Understanding Explosimeters

By Maryon J. Williams Jr.

Scenario: A fire rescue is needed in an industrial building with a nonzero explosimeter reading. Do you go in?

Explosimeters, or combustible gas indicators (CGIs), are designed to tell you if the atmosphere is explosive, not what gas is present or what you should do about it. In other words, “If you don’t know where you are going, you won’t know when you get there.” Several recent articles have discussed the use of CGIs.1-5 This article will discuss how to interpret the flammability readings.

Of the many fire calls for gas leaks, too many have had devastating results.6 Most explosion reports do not provide the gas readings before the explosion.
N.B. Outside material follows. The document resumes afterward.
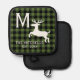 Bring the serene beauty of the wilderness into your kitchen with this pot holder, featuring a rustic deer silhouette, your family’s monogram, and the date of establishment of your cabin or cottage on a traditional vintage green and black Buffalo Lumberjack plaid pattern design. This kitchen essential is a harmonious blend of nature’s tranquillity and personal charm; it’s also a piece of art that celebrates your love for the outdoors and family heritage with every dish too hot to handle without a potholder!

Members of my fire company who responded to a gasoline pipeline leak left a water pump station just before an electric heater in the station ignited the vapors. They did not use an explosimeter at the time, and I was a half mile away and observed the top of the flames at a 45° angle up from my position.

Sensors

Most four-gas monitors used by fire departments have catalytic bead sensors for flammable gas detection. The principle of the catalytic bead sensor was shown first in 1926. The sensor, or Pellistor (Figure 1), consists of a platinum wire that heats up to hundreds of degrees F in the presence of a catalyst and is part of a bridge circuit along with a reference wire (Figure 2). The sensor measures the flammability of certain low molecular weight flammable gases but does not identify the gas. The sensor needs oxygen to work so that if you lower your meter into a space with less than 10 percent oxygen, the readings will be inaccurate.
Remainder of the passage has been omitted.